Which brings me to this moment. My precious baby is gone from my womb but has found a new eternal home deep in my heart. As I write my heart still aches at the thought of why me? Why now? God only knows. But one thing I know for sure is that we have so very much to be thankful for and believe me when I tell you I am counting my blessing every minute. I have an amazing husband whom I adore, a beautiful healthy son, a roof over my head, and air in my lungs. I’m doing a-ok.
I want to end the day the way it began. A dear friend sent me this beautiful poem this morning that knocked me to my knees. It is hard to read every line clearly through the tears that may cloud your vision for a while, but take it to heart and most importantly pay it forward. So many mamas, just like me, need this.
From the bottom of my heart…thank you for your time to read my thoughts and the care and love you have show to me and my family. We have been blown away by the love and support that has flooded our world via texts, phone calls, emails, letters, and countless Facebook messages. I am usually not one to be at a loss of words but I am speechless. Words cannot express the gratitude that Rob and I have for each and every one of you, so I hope you will hear me when I say thank you. Thank you from the bottom of our hearts.

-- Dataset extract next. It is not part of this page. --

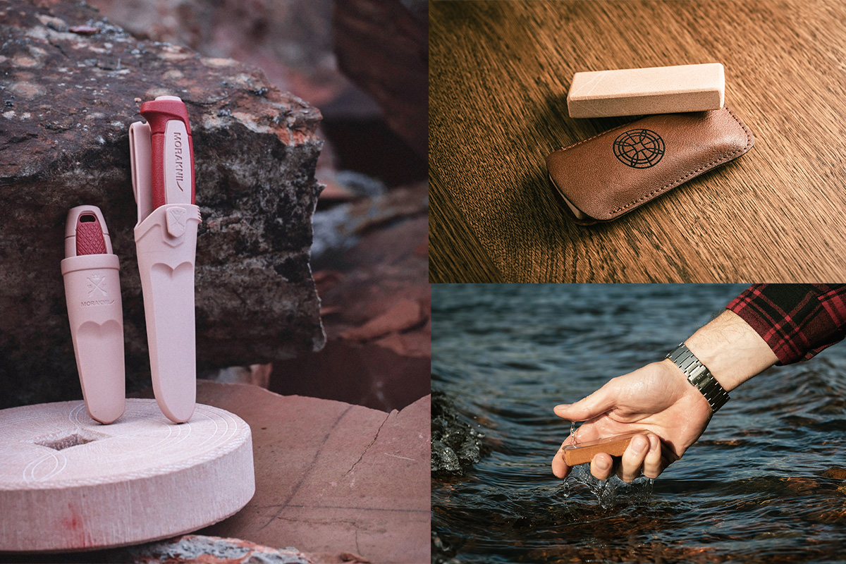 – Denna stensort har i urminnestider använts som slipsten och vi tillhandahåller idag brynen i två olika storlekar. Ett större bryne för hemmabruk/verkstad och ett outdoorbryne i läderetui att ha med sig i väskan på jakt/fiske eller äventyr. Läderetuiet är gjort av restmaterial av masdräkten i orsa. Läs mer här!

God is good!
I thought of you and closed my eyes,
And prayed to God today.
I asked what makes a Mother,
And I know I heard him say:
A mother has a baby,
This we know is true.
But, God, can you be a mother,
When your baby’s not with you?
Yes you can he replied,
With confidence in his voice.
I give many women babies,
When they leave is not their choice.
Some I send for a lifetime,
And others for a day.
And some I send to feel your womb,
But there’s no need to stay.
I just don’t understand this God,
I want my baby here.
He took a breath and cleared his throat,
And then I saw a tear.
I wish that I could show you,
What your child is doing today,
If you could see your child smile,
With other children who say:
We go to earth and learn our lessons,
Of love and life and fear.
My mommy loved me oh so much,
I got to come straight here.
I feel so lucky to have a mom,
Who had so much love for me.
I learned my lessons very quickly,
My mommy set me free.
I miss my mommy oh so much,
But I visit her each day.
When she goes to sleep,
On her pillow’s where I lay.
I stroke her hair and kiss her check,
And whisper in her ear.
“Mommy don’t be sad today, I’m your baby and I’m here.”

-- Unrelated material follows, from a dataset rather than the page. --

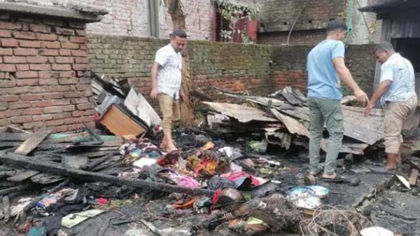 বরিশালে আগুনে পুড়ে ছাই বসতঘর, দগ্ধ গৃহবধূ

So you see my dear sweet one,
Your children are ok.
Your baby is here in My home,
They’ll be at heaven’s gate for you.
So now you see what makes a mother.
It’s the feeling in your heart.
It’s the love you had so much of,
Right from the very start.
Though some on earth may not realize you are a mother,
Until their time is done.
They’ll be up here with Me one day,
And you’ll know that you’re the best one!
5 thoughts on “Moving Forward”
you will get through this with the help of many…..your beautiful writing is a good place to start! Keep it up…..

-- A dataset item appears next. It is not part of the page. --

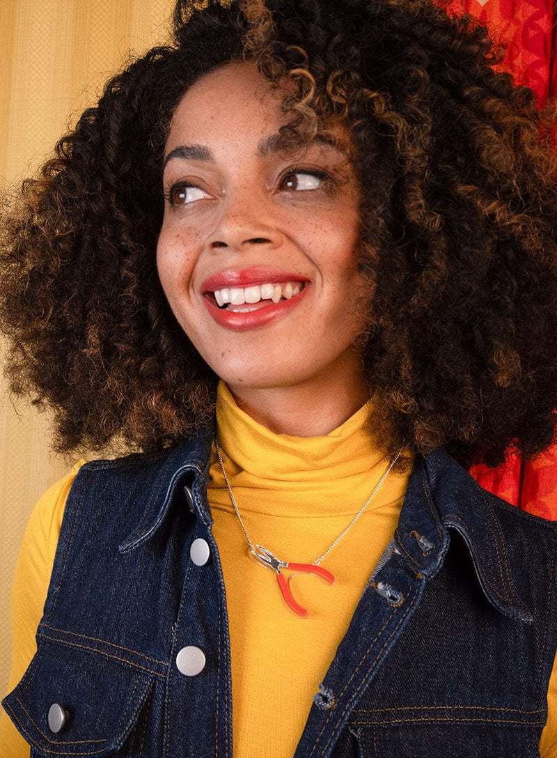 Take a style tip from the Tatty Devine studio with our clever Jewellery Making Pliers Necklace. We’ve recreated our go-to tools in recycled red and glossy silver mirror acrylic, layered over recycled transparent laser cut acrylic for comfy wearing while you craft. Suspended from an adjustable silver-plated chain, pair this must-have necklace for makers over graphic tees and statement overalls.

Thank you Day! All my love to you!
Christin, your faith and positive outlook is the most outstanding thing I will always know you for. I was heartbroken to hear your news, but I thank you for being strong in telling your story. It’s been a long time, and I still wish you all the happiness! Forever Delta Love, Jessica
Jessica thank you thank you thank you for the love and prayers. This blog is my sanctuary at times and I’m just so happy to share it with everyone. I am so happy to hear and to have seen through FB you are expecting another too! Hooray!!!! I know you must be the most fabulous and wonderful mama around! Delta love and many thanks sista!
I’m so sorry to hear of your loss. I can’t imagine the sadness and emptiness you have described, but I thank you for your courage and openness to share your difficult story. I pray that God continues to wrap his loving arms around you, giving you strength, love, and comfort knowing you have a sweet little angel watching over you.